Facebook seems to have different rules for different users especially if it is public figure, Facebook is apparently not very stern. As per the latest findings of the Wall Street Journal, Facebook’s moderation policies are different for normal users and celebrities. The report states that Facebook runs a program called “XCheck”, which allows celebrities including actors, politicians and others to bypass the rules and guidelines that are followed by average users. Facebook has also claimed to treat everyone equally irrespective of their social status, but the report has dug out some dirt on the social media platform.
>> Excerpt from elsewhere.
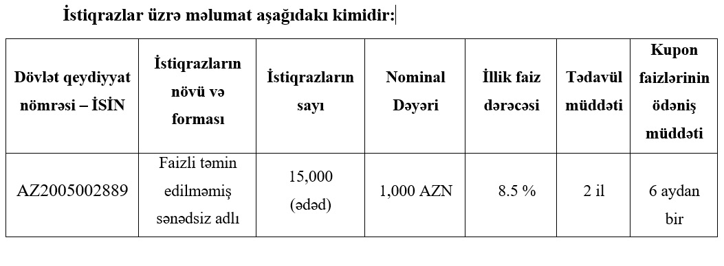 Birjadan Marja-ya daxil olmuş məlumata görə, faizli təmin edilməmiş sənədsiz adlı istiqrazların sayı 15 min ədəd, hər birinin nominal dəyəri 1000 manat, illik faiz dərəcəsi 8,5%, tədavül müddəti 2 il, kupon faizlərinin ödəniş müddəti 6 aydan birdir.

The documents obtained by Wall Street Journal reveals that Facebook’s XCheck program lets celebrities including politicians, actors create their own rule for content moderation. The XCheck program is applicable on Instagram and Facebook. For instance, whenever a user posts something that goes against Facebook’s policies and guidelines, the social media app takes the post down immediately or halts its reach if the artificial intelligence technologies detect something wrong with the post. However, things didn’t happen the same way for the users in XCheck program.

The report reveals that Facebook had over 5.8 million VIP Facebook users in 2020, who were enrolled in the company’s XCheck program.

Facebook’s XCheck program or the “cross-check” program was initially designed to moderate the accounts of high-profile users. “The program, known as “cross-check” or “XCheck,” was initially intended as a quality-control measure for actions taken against high profile accounts, including celebrities, politicians and journalists. Today, it shields millions of VIP users from the company’s normal enforcement process, the documents show. Some users are “whitelisted”—rendered immune from enforcement actions—while others are allowed to post rule-violating material pending Facebook employee reviews that often never come,” the report states.

The XCheck Program allowed soccer player Neymar to post nude pictures of a woman who had accused him of rape. The content was not removed immediately, it was taken down after 10 million followers of the soccer star had already viewed it.

Facebook spokesman Andy Stone has said that the company needs to “improve the program” as the company is aware that their “enforcement is not perfect and there are tradeoffs between speed and accuracy. He also told the journal that social media company is in the process of phasing out the practice of whitelisting.